Your response should be an exact transcription of the data, images excluded.
* * * *
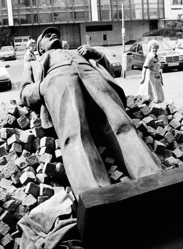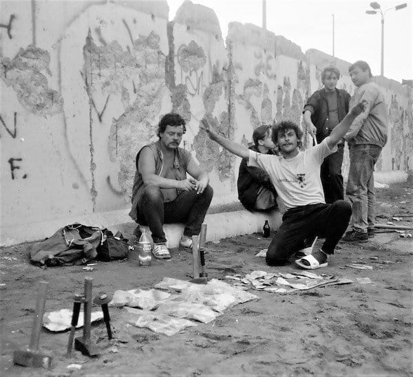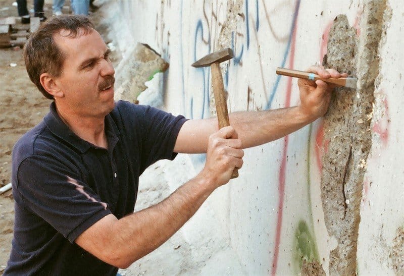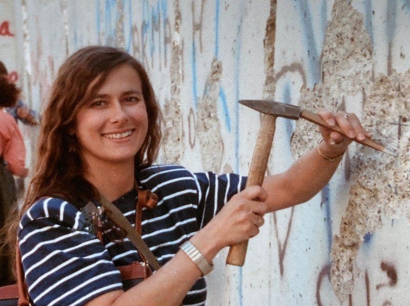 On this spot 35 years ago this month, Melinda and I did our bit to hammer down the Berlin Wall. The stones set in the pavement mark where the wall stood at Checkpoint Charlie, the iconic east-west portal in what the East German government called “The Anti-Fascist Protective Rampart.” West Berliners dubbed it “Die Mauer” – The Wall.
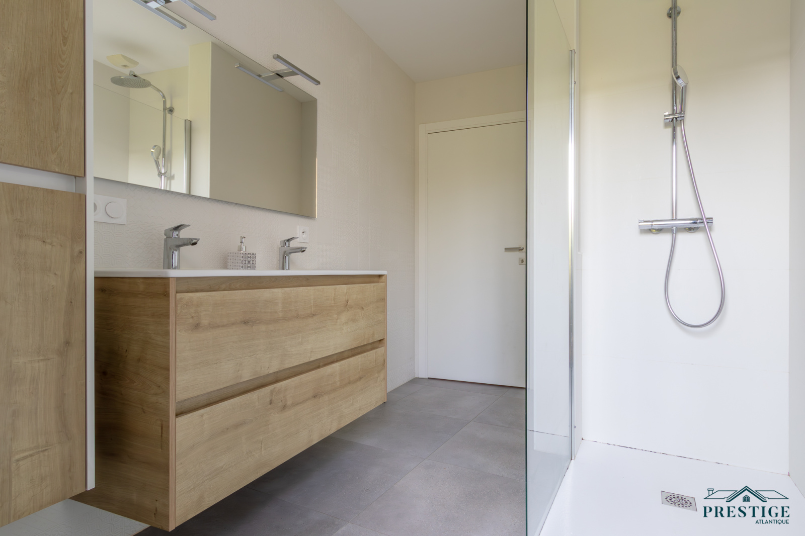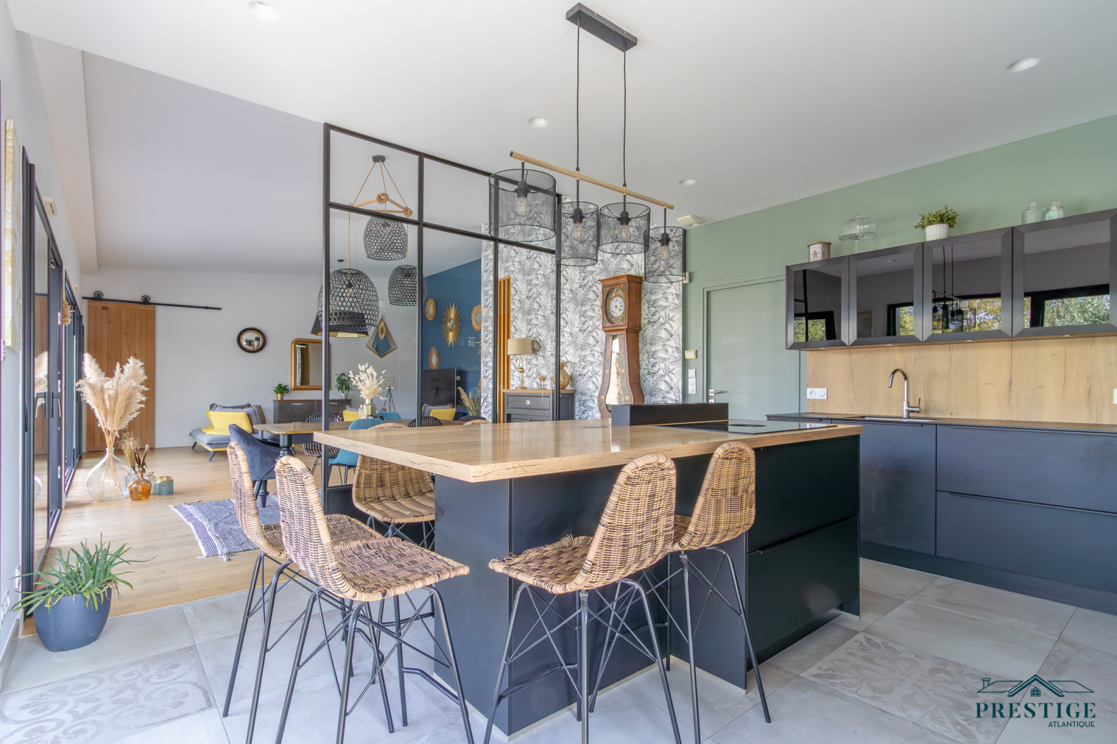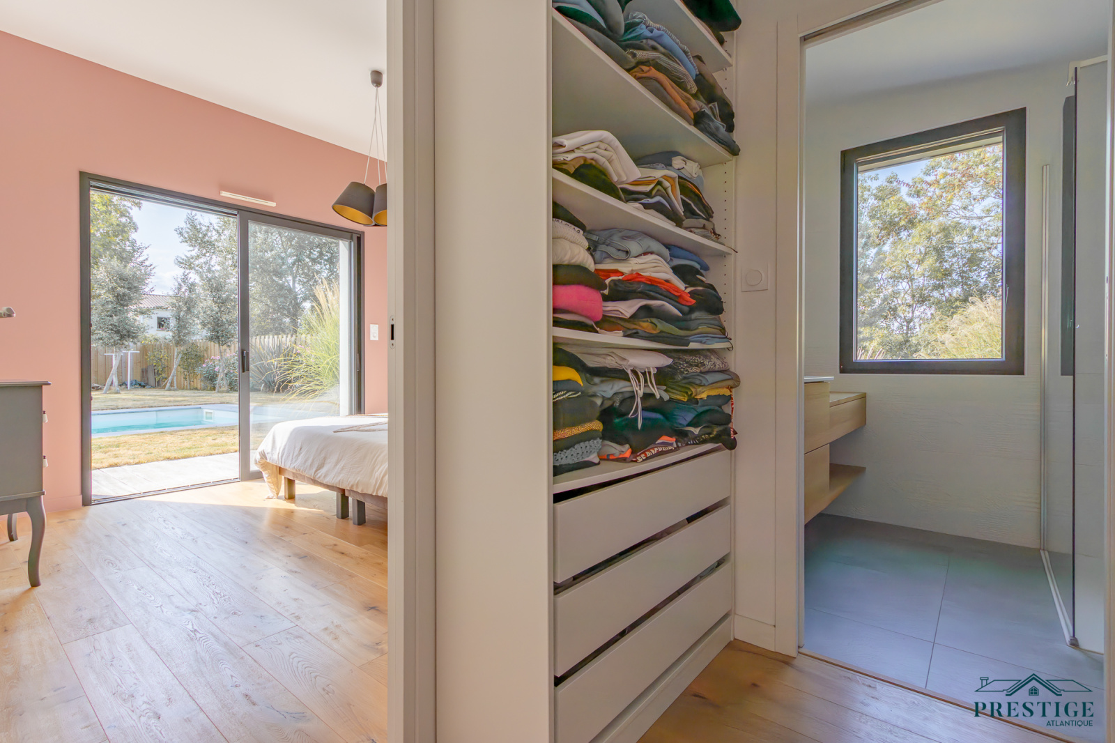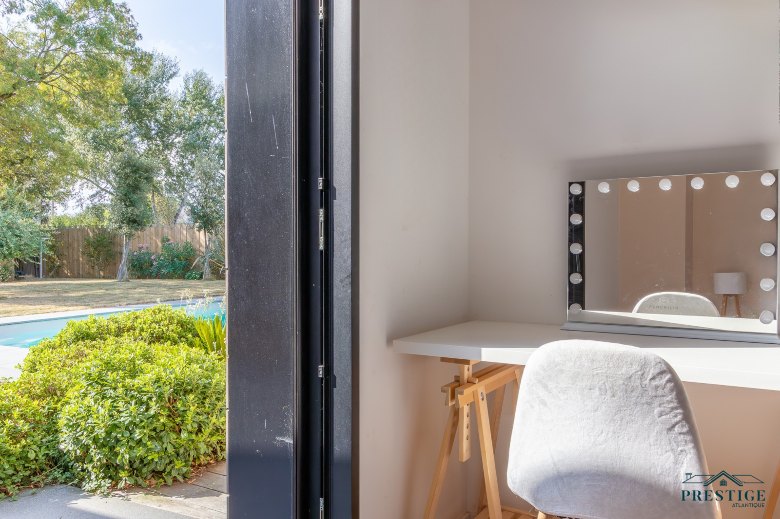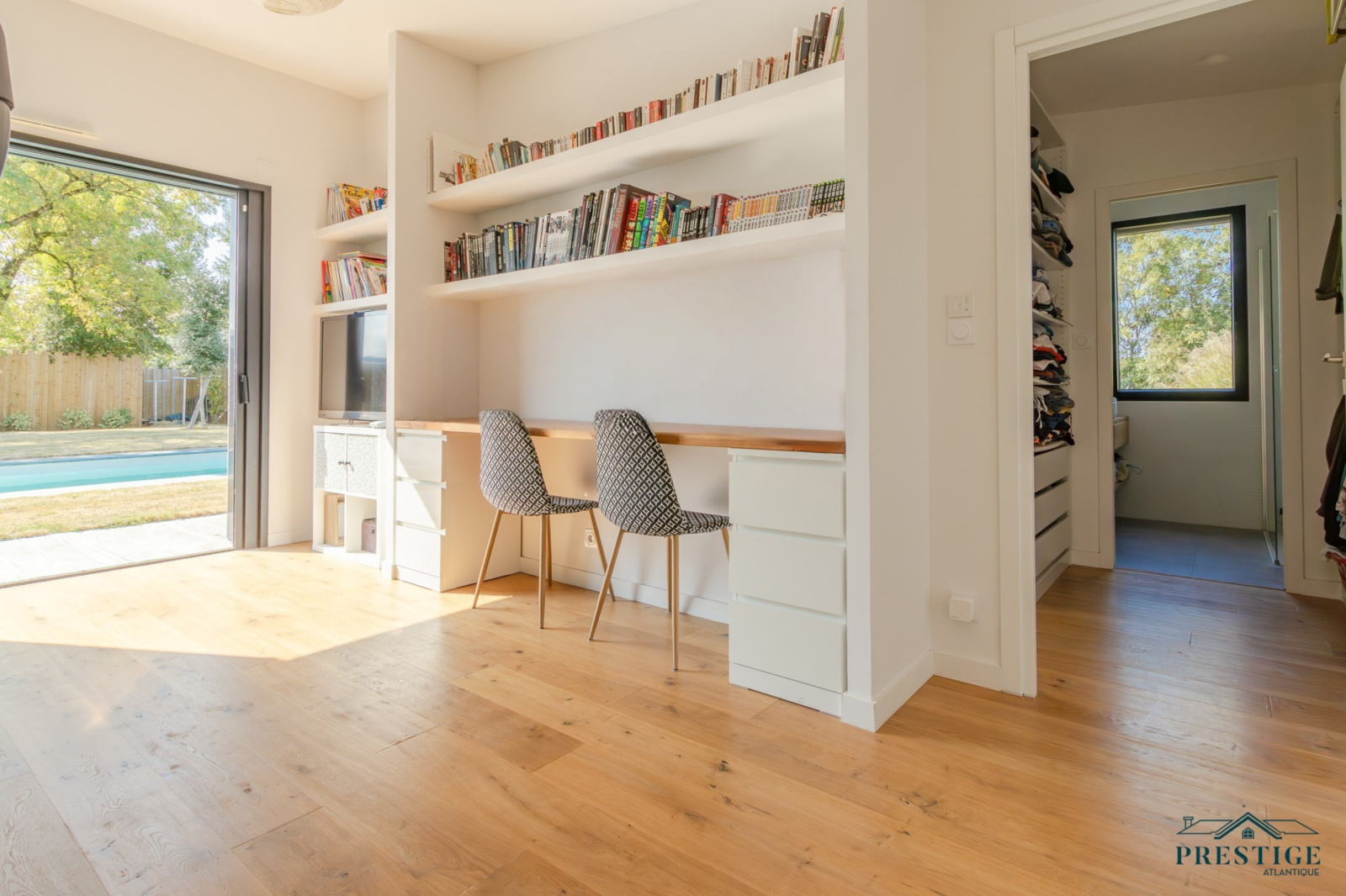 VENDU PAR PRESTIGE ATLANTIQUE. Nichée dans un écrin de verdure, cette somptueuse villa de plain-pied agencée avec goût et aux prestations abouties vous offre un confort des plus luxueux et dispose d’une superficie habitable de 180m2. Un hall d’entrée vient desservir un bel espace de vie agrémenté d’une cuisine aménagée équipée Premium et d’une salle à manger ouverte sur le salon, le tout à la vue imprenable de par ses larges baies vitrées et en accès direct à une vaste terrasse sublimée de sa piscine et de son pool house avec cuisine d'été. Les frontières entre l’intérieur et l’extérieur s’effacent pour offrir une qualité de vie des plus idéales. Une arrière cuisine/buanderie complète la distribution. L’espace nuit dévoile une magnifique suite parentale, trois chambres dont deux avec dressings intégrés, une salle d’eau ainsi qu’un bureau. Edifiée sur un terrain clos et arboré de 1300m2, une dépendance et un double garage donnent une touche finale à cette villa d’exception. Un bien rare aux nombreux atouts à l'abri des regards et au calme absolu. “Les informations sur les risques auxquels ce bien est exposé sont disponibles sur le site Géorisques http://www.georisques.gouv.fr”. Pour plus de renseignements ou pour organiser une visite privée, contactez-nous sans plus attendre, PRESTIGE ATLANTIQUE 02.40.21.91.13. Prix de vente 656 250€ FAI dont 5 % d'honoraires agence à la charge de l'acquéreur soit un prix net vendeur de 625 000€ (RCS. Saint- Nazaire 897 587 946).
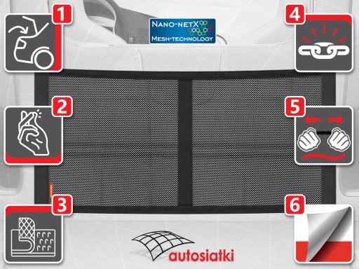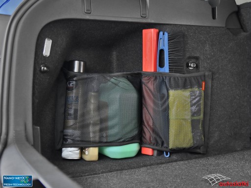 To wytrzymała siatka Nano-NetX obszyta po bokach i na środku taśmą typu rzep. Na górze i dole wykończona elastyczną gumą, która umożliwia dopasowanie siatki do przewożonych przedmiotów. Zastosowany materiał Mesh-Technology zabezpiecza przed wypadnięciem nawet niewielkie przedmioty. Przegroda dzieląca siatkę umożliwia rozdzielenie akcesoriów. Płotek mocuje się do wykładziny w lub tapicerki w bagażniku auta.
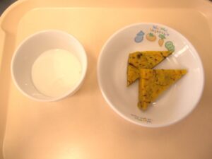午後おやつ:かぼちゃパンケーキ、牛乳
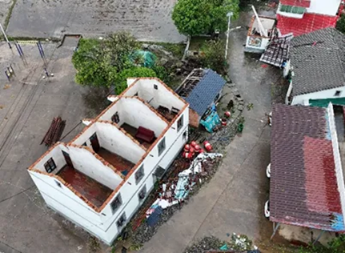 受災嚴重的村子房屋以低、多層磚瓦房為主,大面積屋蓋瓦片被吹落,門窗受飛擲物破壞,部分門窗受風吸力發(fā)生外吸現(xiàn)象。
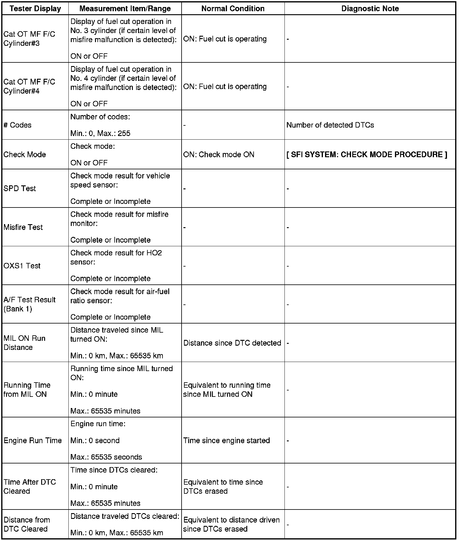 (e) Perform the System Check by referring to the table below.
* * * *
* WRITTEN REPLY *
 On this spot 35 years ago this month, Melinda and I did our bit to hammer down the Berlin Wall. The stones set in the pavement mark where the wall stood at Checkpoint Charlie, the iconic east-west portal in what the East German government called “The Anti-Fascist Protective Rampart.” West Berliners dubbed it “Die Mauer” – The Wall.
 VENDU PAR PRESTIGE ATLANTIQUE. Nichée dans un écrin de verdure, cette somptueuse villa de plain-pied agencée avec goût et aux prestations abouties vous offre un confort des plus luxueux et dispose d’une superficie habitable de 180m2. Un hall d’entrée vient desservir un bel espace de vie agrémenté d’une cuisine aménagée équipée Premium et d’une salle à manger ouverte sur le salon, le tout à la vue imprenable de par ses larges baies vitrées et en accès direct à une vaste terrasse sublimée de sa piscine et de son pool house avec cuisine d'été. Les frontières entre l’intérieur et l’extérieur s’effacent pour offrir une qualité de vie des plus idéales. Une arrière cuisine/buanderie complète la distribution. L’espace nuit dévoile une magnifique suite parentale, trois chambres dont deux avec dressings intégrés, une salle d’eau ainsi qu’un bureau. Edifiée sur un terrain clos et arboré de 1300m2, une dépendance et un double garage donnent une touche finale à cette villa d’exception. Un bien rare aux nombreux atouts à l'abri des regards et au calme absolu. “Les informations sur les risques auxquels ce bien est exposé sont disponibles sur le site Géorisques http://www.georisques.gouv.fr”. Pour plus de renseignements ou pour organiser une visite privée, contactez-nous sans plus attendre, PRESTIGE ATLANTIQUE 02.40.21.91.13. Prix de vente 656 250€ FAI dont 5 % d'honoraires agence à la charge de l'acquéreur soit un prix net vendeur de 625 000€ (RCS. Saint- Nazaire 897 587 946).
 To wytrzymała siatka Nano-NetX obszyta po bokach i na środku taśmą typu rzep. Na górze i dole wykończona elastyczną gumą, która umożliwia dopasowanie siatki do przewożonych przedmiotów. Zastosowany materiał Mesh-Technology zabezpiecza przed wypadnięciem nawet niewielkie przedmioty. Przegroda dzieląca siatkę umożliwia rozdzielenie akcesoriów. Płotek mocuje się do wykładziny w lub tapicerki w bagażniku auta.
午後おやつ:かぼちゃパンケーキ、牛乳
 受災嚴重的村子房屋以低、多層磚瓦房為主,大面積屋蓋瓦片被吹落,門窗受飛擲物破壞,部分門窗受風吸力發(fā)生外吸現(xiàn)象。
 (e) Perform the System Check by referring to the table below.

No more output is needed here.